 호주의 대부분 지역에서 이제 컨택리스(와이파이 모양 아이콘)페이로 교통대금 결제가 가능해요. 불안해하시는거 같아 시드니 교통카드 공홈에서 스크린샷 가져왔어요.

○ ○ ○ ○ ○

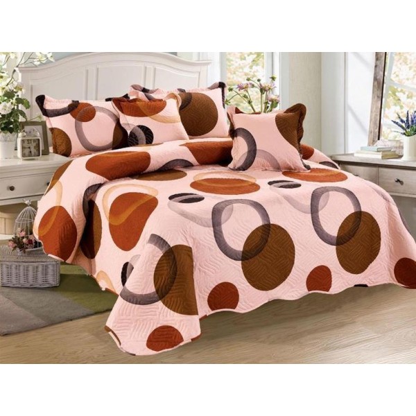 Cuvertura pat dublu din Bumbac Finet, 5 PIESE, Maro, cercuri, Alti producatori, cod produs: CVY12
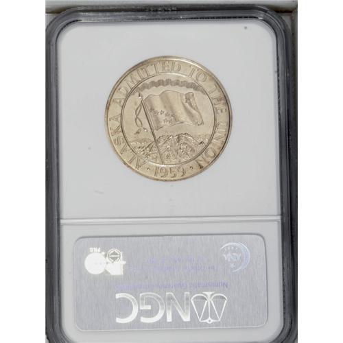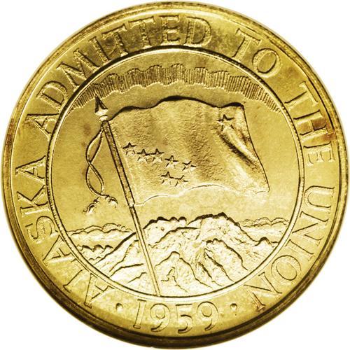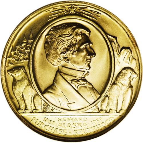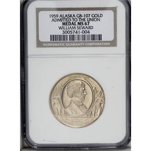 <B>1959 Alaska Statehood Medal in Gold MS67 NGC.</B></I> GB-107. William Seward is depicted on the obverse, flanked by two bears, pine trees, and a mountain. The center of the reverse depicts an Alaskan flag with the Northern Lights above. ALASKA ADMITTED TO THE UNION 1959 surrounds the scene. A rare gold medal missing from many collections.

○ ○ ○ ○ ○

#### Work required
For this exercise, return exactly the lines above from the line with "Cuvertura pat dublu" through the line with "<B>1959 Alaska Statehood", both included. Do not copy the pictures.

#### Result of this exercise
 Cuvertura pat dublu din Bumbac Finet, 5 PIESE, Maro, cercuri, Alti producatori, cod produs: CVY12
 <B>1959 Alaska Statehood Medal in Gold MS67 NGC.</B></I> GB-107. William Seward is depicted on the obverse, flanked by two bears, pine trees, and a mountain. The center of the reverse depicts an Alaskan flag with the Northern Lights above. ALASKA ADMITTED TO THE UNION 1959 surrounds the scene. A rare gold medal missing from many collections.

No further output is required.